Radiologists disagree on optimal slice thickness. Mayo imagers often use 5-mm slices, said Dr. Robert McCarty, a professor of radiology at Mayo Medical School, but he and his colleagues like 2.5 mm contiguous slices as well. At the San Francisco Veterans Administration, CT and gastrointestinal radiology chief Dr. Judy Yee settled on 3-mm slices after initially trying out 5 mm. Best of all for reconstructing the colon accurately would be 1.5 mm, she said, but slices so thin can hamper an efficient read. At Mayo, scans for research purposes can produce up to 1400 slices.
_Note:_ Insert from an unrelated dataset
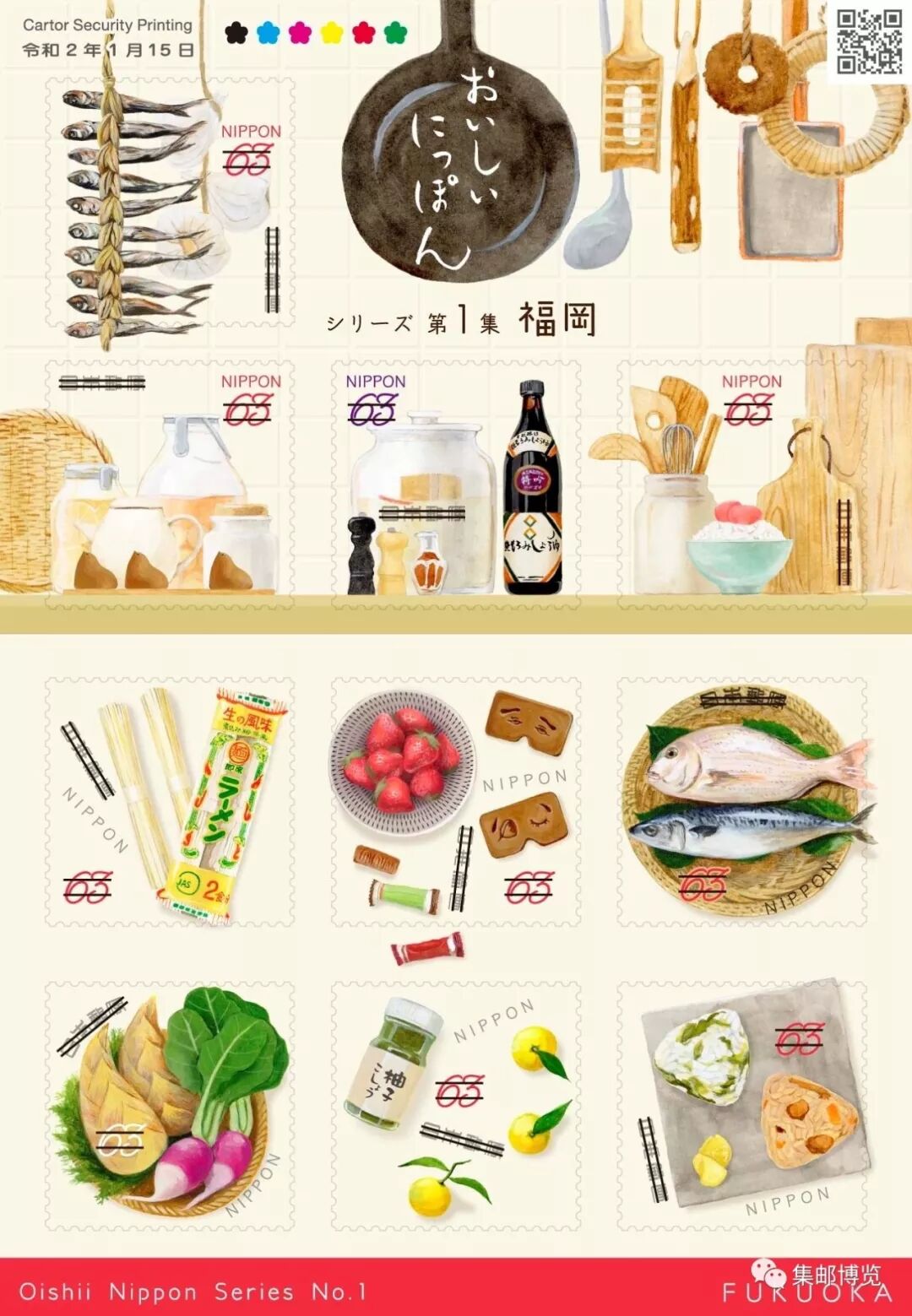 2020年1月15日,日本邮政发行一套《日本美食》系列第一集邮票,主题为福冈地区的美食,一枚小版张表现食材、厨具和调味品等后台,一枚表现最后呈现上桌的美食。

“Taking (thinner slices) is likely better at getting smaller lesions,” Yee said. “But does that (appreciably) improve the outcome? If not, it just means more images to look at, and we need to be time-efficient. We need additional evaluation of optimal slice thickness.”

With a manageable set of slices, an experienced reader can complete a thorough read in 10 or 15 minutes, according to Yee. The key word is experience. Yee has read more than 600 scans and suggests that the learning curve requires at least 50 cases, just to know what looks normal.

At Mayo, readers start with the prone view on lung window settings, work quickly through the axial scans, then switch to soft-tissue views to determine whether abnormalities are folds, stool, or lipoma. The same process on supine follows, ending by running the two simultaneously to see whether the suspected stool shifts and whether all of the colon has been viewed.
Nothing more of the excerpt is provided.